7. And captain Auston Matthews scored for the first time since returning from his lower-body injury.

To be sure, when a dozen skaters splash the scoresheet, and seven of them walk out with multi-point nights, the vibes are a little sunnier.

“A lot of secondary scoring tonight, which is good for our team. We need that. It’s not just on three guys or whatever that have been putting points up,” said Berube, who also shouted out a defensive effort that saw Toronto out-block Pittsburgh 26-11.

“It’s confidence. You know, they’re going to feel good about themselves — and that’s good,” Berube said, before adding a caveat. “We got to keep getting better, though.”

No doubt.

But being on the happy side of a blowout before flying to Florida and facing the Panthers for the first time since Game 7 should only juice morale for Tuesday’s revenge match.

“Everybody was clicking,” Nylander said. “We just gotta build off that.”

Fox’s Fast Five

• Big 48 hours for Cowan, sharing his first sheet with Alex Ovechkin and hanging a dash on Sidney Crosby by finishing off a nifty give-and-go with Nylander.

The rookie downplays these events as “just another game,” but… c’mon, really? 

“He’s pretty level-headed,” says teammate Dakota Mermis. “Certainly, a high-confidence kid. 

“But that’s got to be cool. I mean, it always is. You sometimes try to underplay it, but it’s a cool part of what we get to do. And he may be in shoes where people are looking at him one day across the ice. So, it’s exciting.”

• Saturday marked the Maple Leafs’ fifth back-to-back already this season — but not once have they been at a disadvantage. 

In each case, Toronto’s opponent was also on a back-to-back. And with Friday’s 5 p.m. start in Washington, the Leafs arrived in Pittsburgh before the Penguins’ plane touched down from Columbus.

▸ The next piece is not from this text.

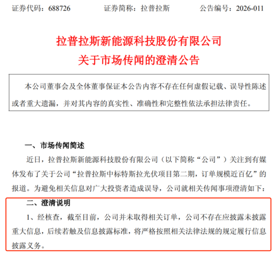 然而,拉普拉斯午间火速发布澄清公告称,经核查,截至目前,公司并未取得相关订单,公司不存在应披露而未披露的重大信息,后续若触及信息披露标准,将严格按照相关法律法规的规定履行信息披露义务。

• How impactful has 34-year-old Ekman-Larsson been?

Well, the most productive season of his 16-year career was 2015-16, when he erupted for 55 points in Arizona.

This season the defenceman is humming along at a 66-point clip, while injecting edge and logging heavy minutes. He’s on a nine-game point streak despite being relegated to the second power-play unit.

Appreciate this man.

Ekman-Larsson left the third period with an upper-body injury that Berube hopes isn’t serious.

“He said he’s fine to me,” Nylander diagnosed.

• Nice David Amber sit-down feature with Joshua discussing his battle with cancer:

• Robertson’s boyhood idol was Crosby. And it never gets old going head-to-head.

“I just remember the first time playing against him, I knew this guy my whole childhood, so I was like, Yeah, I’m gonna give him a cross-check,” Robertson says. “I went to give him one, and I kind of went back on my feet. Didn’t realize how strong he was.” 

When the Penguins rolled through Toronto in October, Crosby gifted Robertson one of his sticks. Where will it be kept?

“In my house in Michigan, tucked away, where no one can take it.”